On Wednesday 02 April 2003 21:07, you wrote:

> > hm, I don't think, that watchdog will catch this, because the
> > userspace-watchdog daemon will still be running properly in a crash
> > case (or did I understand something wrong?)
>
> Unless you configure it to stat your filesystems, like in:
>
>   watchdog-device         = /dev/misc/watchdog
>   realtime                = yes
>   priority                = 99
>   admin                   =
>   file                    = /
>   file                    = /var
>   file                    = /usr
>   ...

Yes that's true. I didn't remember this option.
With this, watchdog would be a solution of russel's problem,
without writing some kernel-error-handling for it.

Regards Michael Buesch.

-- 
-------------
My homepage: http://www.8ung.at/tuxsoft
fighting for peace is like fu**ing for virginity


^ permalink raw reply	[flat|nested] 10+ messages in thread

* Re: subsystem crashes reboot system?
  2003-04-02 17:49 subsystem crashes reboot system? Russell Miller
  2003-04-02 18:06 ` Mitch Adair
@ 2003-04-02 21:51 ` Andrew Morton
  2003-04-02 21:51   ` Russell Miller
  1 sibling, 1 reply; 10+ messages in thread
From: Andrew Morton @ 2003-04-02 21:51 UTC (permalink / raw)
  To: Russell Miller; +Cc: linux-kernel

Russell Miller <rmiller@duskglow.com> wrote:
>
> Since this was an assertion that failed, one would think that bringing the 
> system down automatically in an orderly - then, if that fails, disorderly - 
> fashion would be possible.

The way to handle this is to make arch/i386/kernel/traps.c:die() optionally
call panic() rather than do_exit().

It makes sense.  It does mean that we now have zero chance of the diagnostic
info making it to the system logs.


^ permalink raw reply	[flat|nested] 10+ messages in thread

* Re: subsystem crashes reboot system?
  2003-04-02 21:51 ` Andrew Morton
@ 2003-04-02 21:51   ` Russell Miller
  2003-04-02 22:13     ` Andrew Morton
  0 siblings, 1 reply; 10+ messages in thread
From: Russell Miller @ 2003-04-02 21:51 UTC (permalink / raw)
  To: Andrew Morton; +Cc: linux-kernel

Any chance of making the dying thread sleep just long enough for syslogd to 
write it out to the file, then panic?  Since it's an assertion, we have a 
little more leeway then in a page fault OOPS, for example.

--Russell

On Wed April 2 2003 3:51 pm, Andrew Morton wrote:
> Russell Miller <rmiller@duskglow.com> wrote:
> > Since this was an assertion that failed, one would think that bringing
> > the system down automatically in an orderly - then, if that fails,
> > disorderly - fashion would be possible.
>
> The way to handle this is to make arch/i386/kernel/traps.c:die() optionally
> call panic() rather than do_exit().
>
> It makes sense.  It does mean that we now have zero chance of the
> diagnostic info making it to the system logs.

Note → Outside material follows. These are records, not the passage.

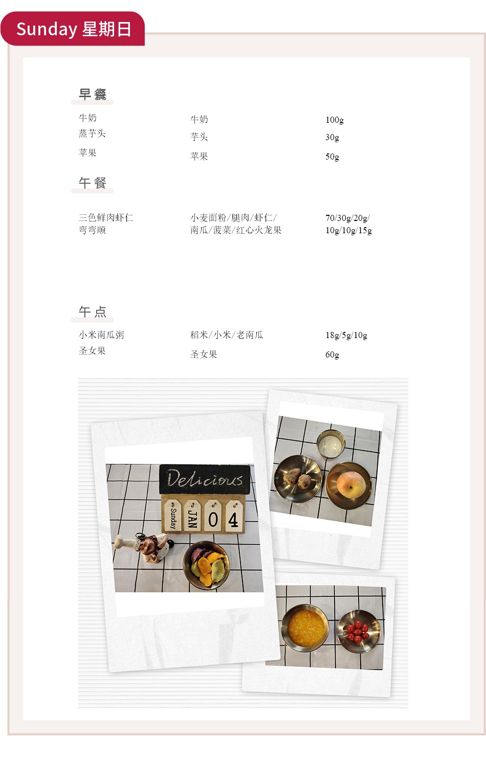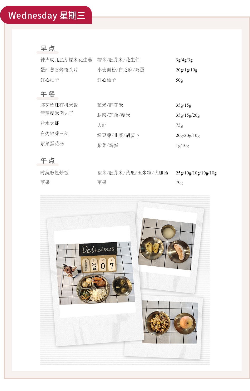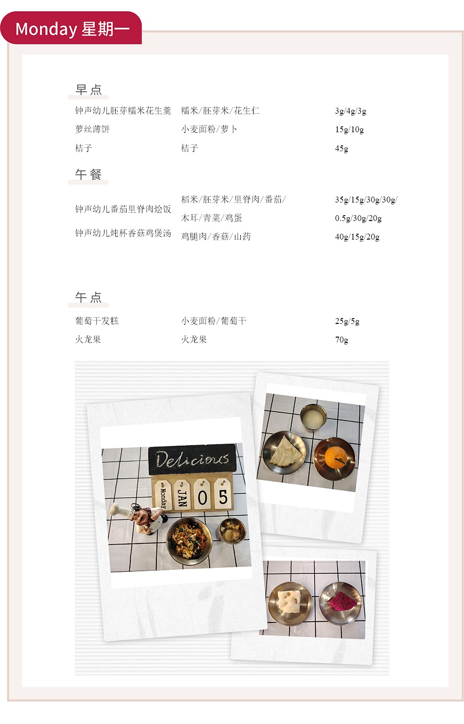 新年伊始,万象更新。本周的食谱在延续冬日温养基调的同时,注入了新的巧思与风味,旨在帮助幼儿适应节后生活节奏,以充沛的精力和健康的体魄开启新的一年。
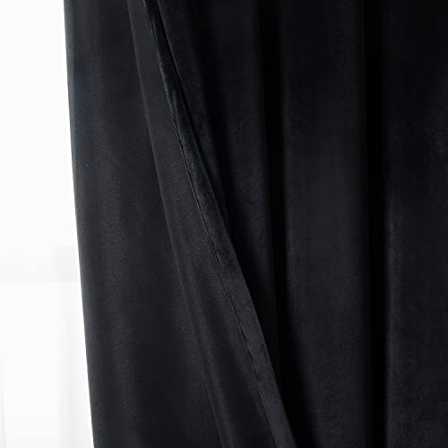 Imperial Rooms Crushed Velvet Curtains for Living Room Ring Top Black Curtains 66×72 Fully Lined Soft Blackout Bedroom Curtain Eyelet with 2 Matching Tie Backs (168cm x 183cm)
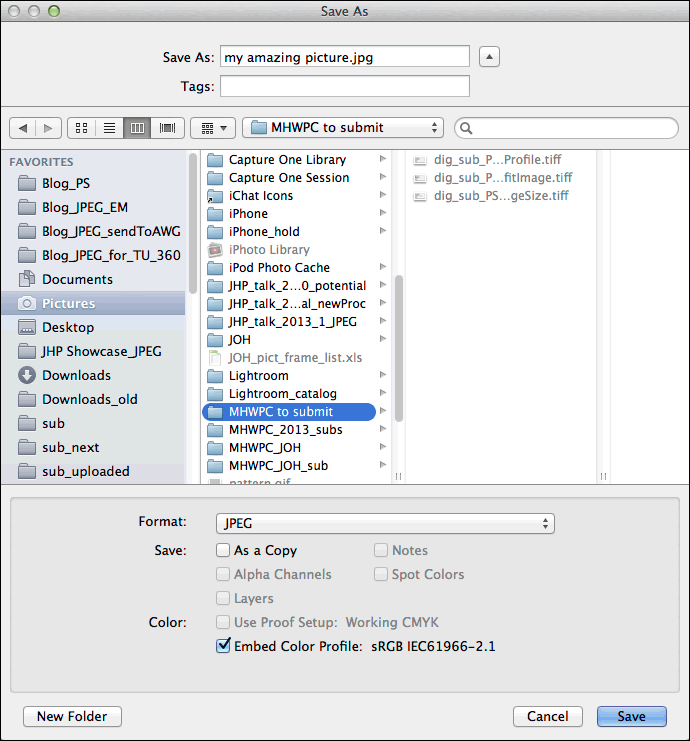 - make sure Color: Embed Color Profile: sRGB IEC61966-2.1 is checked
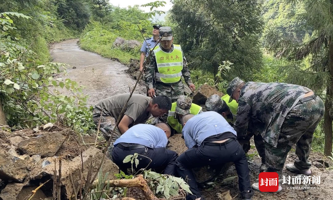 50余位民兵与民警,有些人围着巨石站成一圈,弯腰把重心降到最低,跟着口号合力一点点挪动巨石的位置;有人晃动着树干,试探着能将其折断的点位;还有人一边捡地面的碎石,一边观察着山体滑坡的坡面,以防有落石滚下时及时预警。
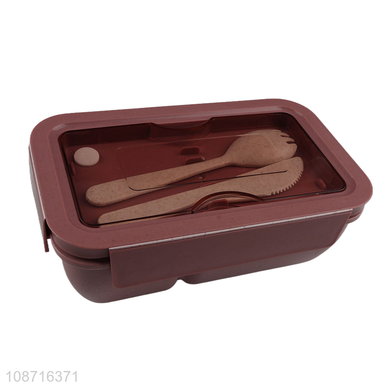 Wholesale 2-compartment wheat straw meal pre lunch box with spoon & fork
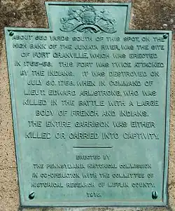 A brass plaque on a stone plinth memorializing the fort's destruction was erected in Lewistown in Mifflin County, Pennsylvania, in 1916 by the Pennsylvania Historical Commission and the Committee on Historical Research of Mifflin County.[17]
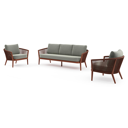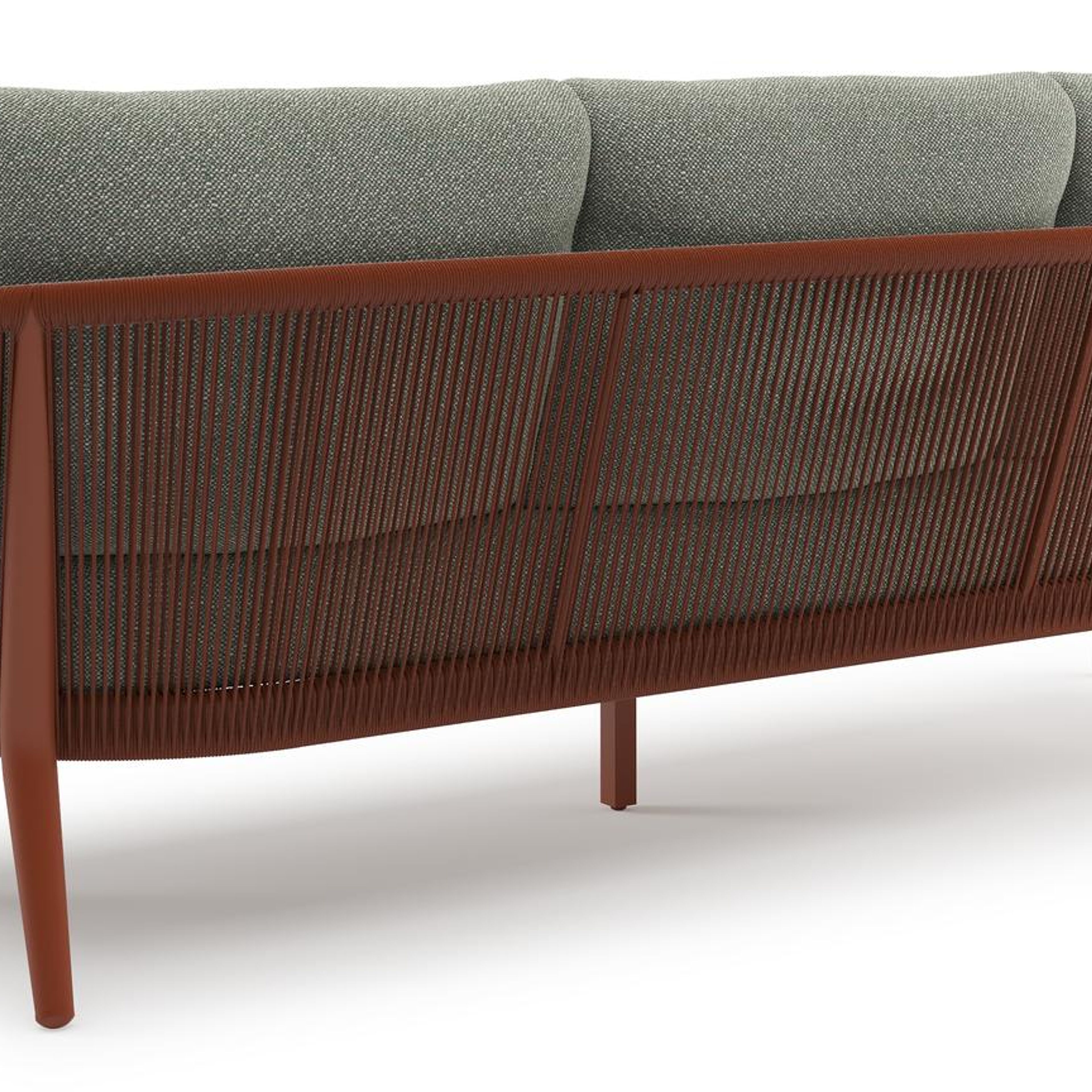Orso loungeset in roestbruin aluminium en roestbruin verticaal geweven ronde rope met Savane Leaf all weather sunbrella® luxe kussen | Exterioo tuinmeubelen
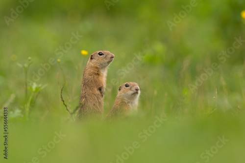 European ground squirrel on the spring meadow. Ground squirrel is peeping from the grass. European nature. Small brown rodent live in the big groupe.
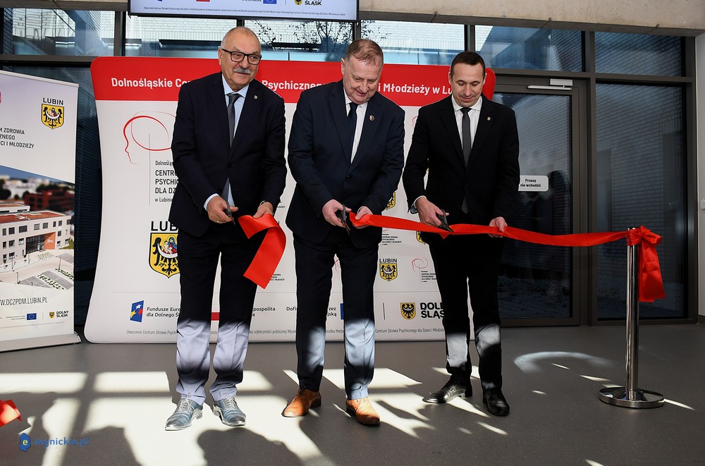LUBIN. W Lubinie z udziałem obecnego Marszałka Województwa Pawła GANCARZA, a także byłego Cezarego PRZYBYLSKIEGO, radnego Sejmiku Tymoteusza MYRDY i władz samorządowych Lubina i powiatu lubińskiego, uroczyście otwarto Dolnośląskie Centrum Zdrowia Psychicznego dzieci i młodzieży. To pierwsza na Dolnym Śląsku placówka, która kompleksowo śpieszyć będzie z pomocą dla najmłodszych zmagających się z problemami emocjonalnymi i psychicznymi. "Ojcem chrzestnym" pomysłu wybudowania Centrum był prezydent Lubina Robert RACZYŃSKI. - W momencie kiedy po raz pierwszy głośno powiedziałem o tym pomyśle, że chcemy to powołać, patrzono na nas z niedowierzaniem. Dopiero pandemia pokazała, jak bardzo taki ośrodek jest potrzebny - mówił podczas otwarcia prezydent Lubina. - W 2019 roku nie mieliśmy nawet stu tysięcy złotych zabezpieczonych w budżecie, a dziś stoimy przed obiektem, którego koszt przekroczył 130 milionów złotych. To projekt, który - co niezwykłe - nie spotkał się z żadnym hejtem. Nikt nigdy nie odmówił pomocy - podkreślał nie kryjąc łez wzruszenia Robert Raczyński. W wydarzeniu wzięli udział także dyrektor przedstawicielstwa Regionalnego Komisji Europejskiej Joanna Streżyńska-Litberg, a także wojewódzcy konsultanci w dziedzinie psychiatrii dzieci i młodzieży – dr hab. Monika Szewczuk-Bogusławska i Izabela Dancewicz-Mikulewicz.
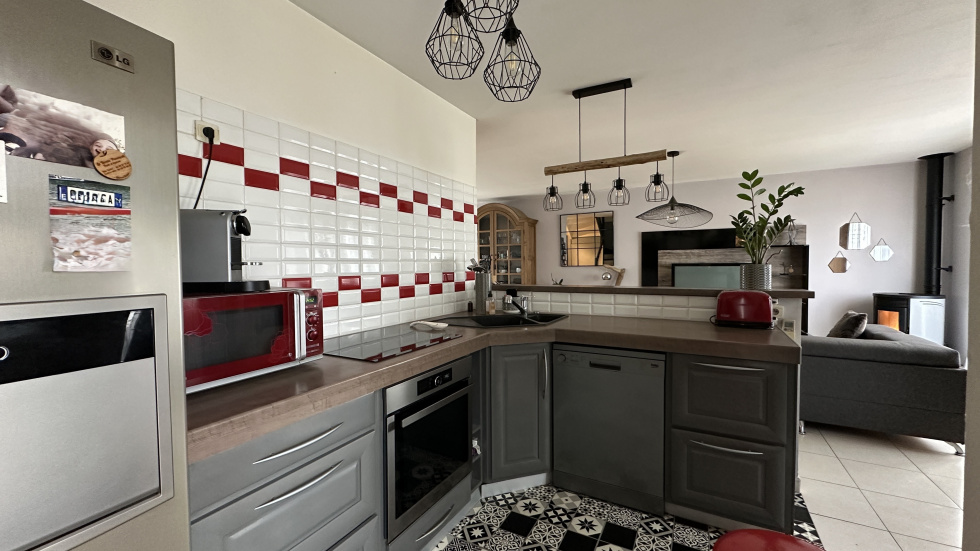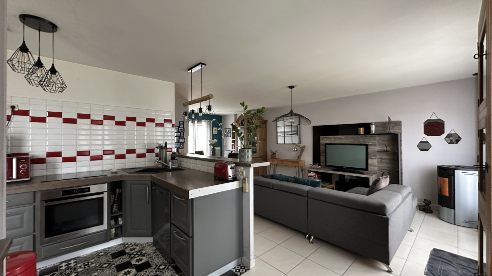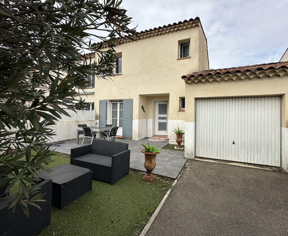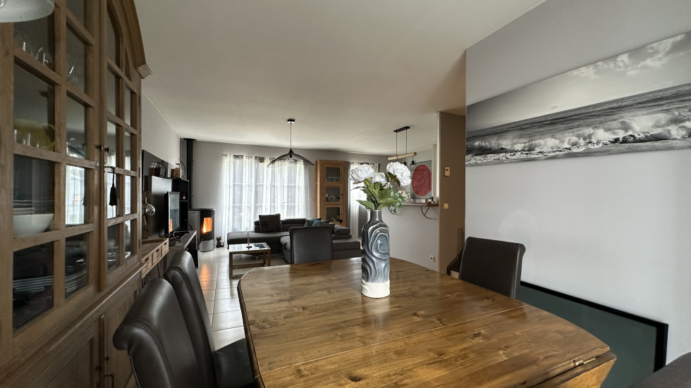Dans un environnement calme et recherché, au cœur d’une résidence sécurisée, découvrez cette charmante maison d’environ 92 m², construite en 2007, idéale pour une famille en quête de confort et de fonctionnalité. Traversante et bénéficiant d’une double exposition, elle offre une luminosité naturelle remarquable tout au long de la journée ainsi qu’un confort thermique appréciable en toute saison. Dès l’entrée, vous profitez de grands placards intégrés optimisant les espaces de rangement. Le rez-de-chaussée s’ouvre sur une agréable pièce de vie composée d’un salon et d’une salle à manger, sublimés par un poêle à granulés apportant chaleur et convivialité. La cuisine ouverte, entièrement équipée, prolonge cet espace et favorise les moments de partage en famille ou entre amis. À l’étage, l’espace nuit se compose de trois chambres lumineuses, dont deux avec placards intégrés, ainsi qu’une salle d’eau moderne et un WC indépendant. Edifié sur 269 m² de terrain (piscinable), vous trouverez deux terrasses, du gazon synthétique facile d’entretien et de la pelouse. Les atouts supplémentaires Garage avec mezzanine et un cellier/buanderie accessible depuis la cuisine. Résidence sécurisée. Proximité immédiate des commerces, écoles et transports. Fonctionnelle, lumineuse et parfaitement entretenue. Cette maison représente une opportunité idéale pour un premier achat ou une vie de famille sereine. À visiter sans tarder !
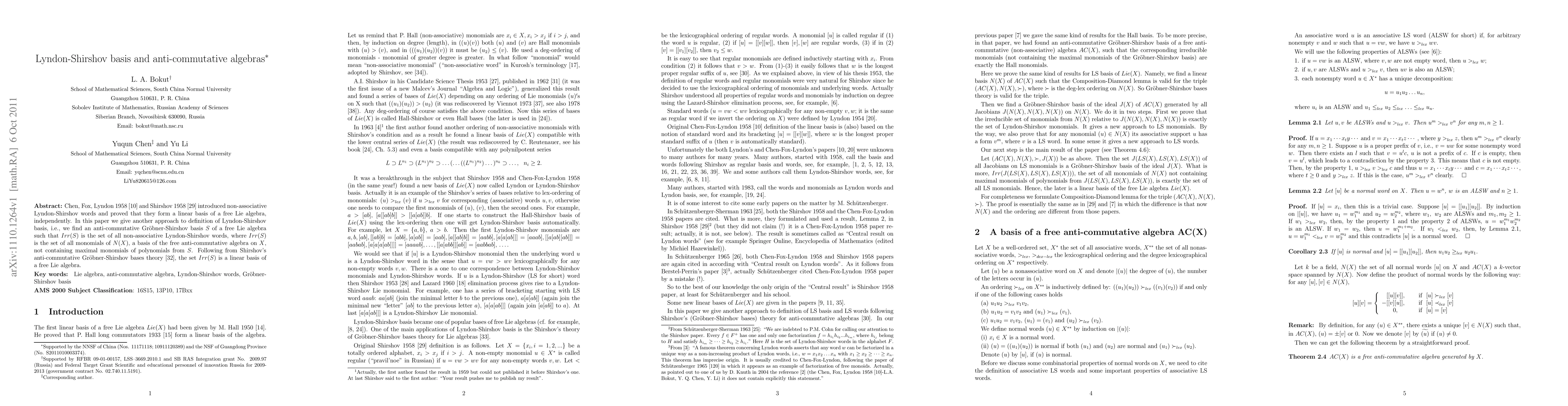 This paper presents an alternative definition of Lyndon-Shirshov basis via an anti-commutative Gröbner-Shirshov basis S, where Irr(S) — the set of non-associative Lyndon-Shirshov words — forms a linear basis of a free Lie algebra. It builds on Chen, Fox, Lyndon (1958) and Shirshov (1958) work, along with Shirshov's (1962) anti-commutative Gröbner-Shirshov bases theory.
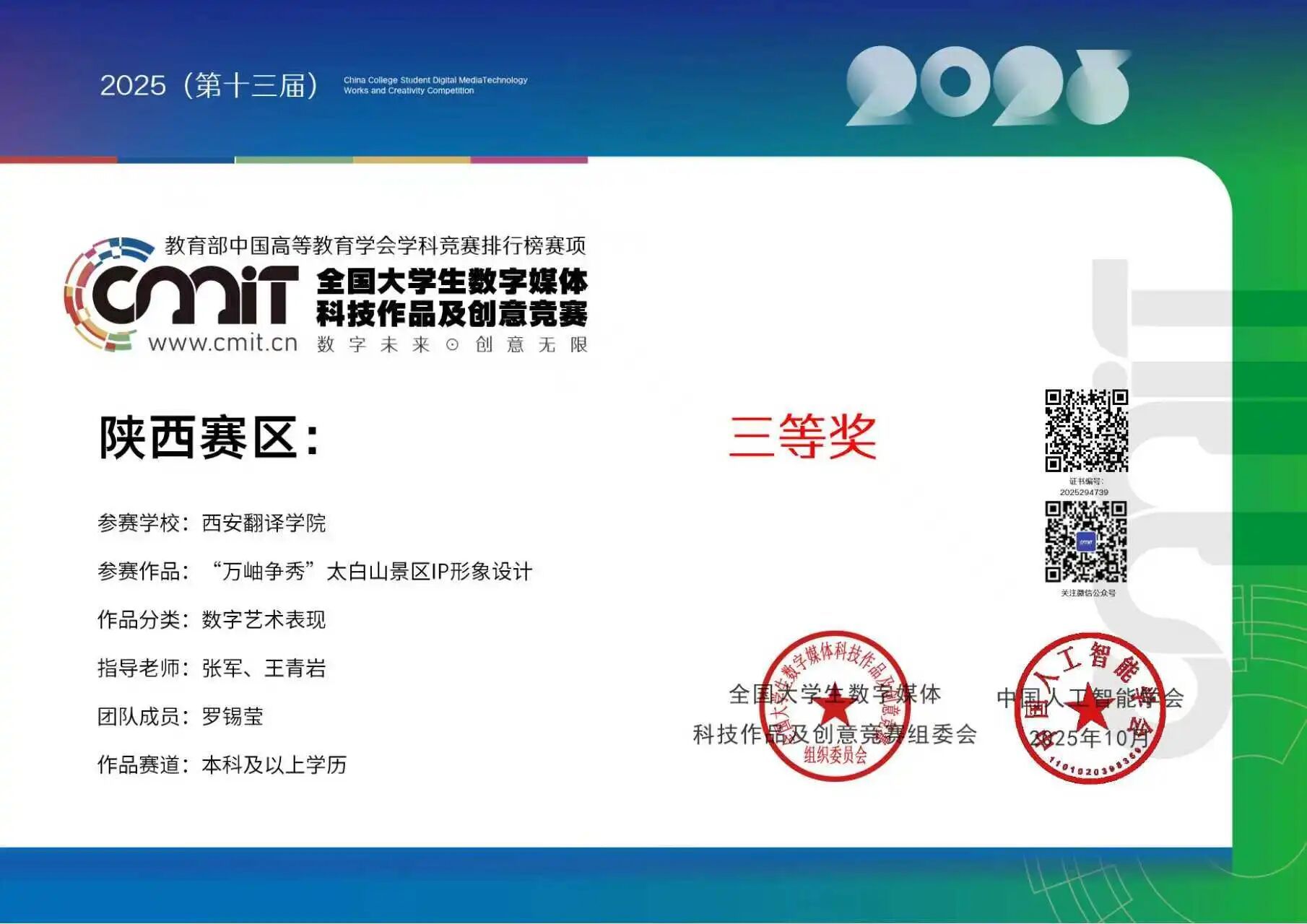 其中,由艺术与设计学院张军教师指导产品设计专业学生完成的《灵兽绮章-十二生肖文创产品设计》作品,以其独特的创意和扎实的技术应用,在众多参赛作品中脱颖而出,成功斩获全国总决赛三等奖,充分展现了我校学子的数字媒体创作水平。
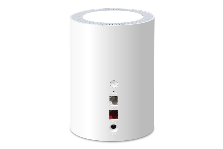1. Tlačidlo Wireless Mesh 2. 1 G/100M/10M Base-T RJ-45 LAN port (sivý) 3. 2,5G/1G/100M/10M Base-T RJ-45 LAN port (červený) 4. Vstup jednosmerného napájania 5. Tlačidlo na obnovenie továrenských nastavení

^ permalink raw reply	[flat|nested] 10+ messages in thread

* Re: subsystem crashes reboot system?
  2003-04-02 22:13     ` Andrew Morton
@ 2003-04-02 22:11       ` Russell Miller
  0 siblings, 0 replies; 10+ messages in thread
From: Russell Miller @ 2003-04-02 22:11 UTC (permalink / raw)
  To: Andrew Morton; +Cc: linux-kernel

On Wed April 2 2003 4:13 pm, Andrew Morton wrote:

> Yes, that would probably be OK.  It won't make anything worse than it
> already is.
>
> hm, the kernel used to panic if schedule() was called from in_interrupt(),
> but that seems to have been taken out.   It's easy enough (and free) to
> put back in.

I'll see about writing a patch if you would like.  Sounds like a good thing to 
get my feet wet with.

--Russell

^ permalink raw reply	[flat|nested] 10+ messages in thread

* Re: subsystem crashes reboot system?
  2003-04-02 21:51   ` Russell Miller
@ 2003-04-02 22:13     ` Andrew Morton
  2003-04-02 22:11       ` Russell Miller
  0 siblings, 1 reply; 10+ messages in thread
From: Andrew Morton @ 2003-04-02 22:13 UTC (permalink / raw)
  To: Russell Miller; +Cc: linux-kernel

Russell Miller <rmiller@duskglow.com> wrote:
>
> Any chance of making the dying thread sleep just long enough for syslogd to 
> write it out to the file, then panic?  Since it's an assertion, we have a 
> little more leeway then in a page fault OOPS, for example.
> 

Yes, that would probably be OK.  It won't make anything worse than it
already is.

hm, the kernel used to panic if schedule() was called from in_interrupt(),
but that seems to have been taken out.   It's easy enough (and free) to
put back in.

^ permalink raw reply	[flat|nested] 10+ messages in thread

end of thread, other threads:[~2003-04-02 22:08 UTC | newest]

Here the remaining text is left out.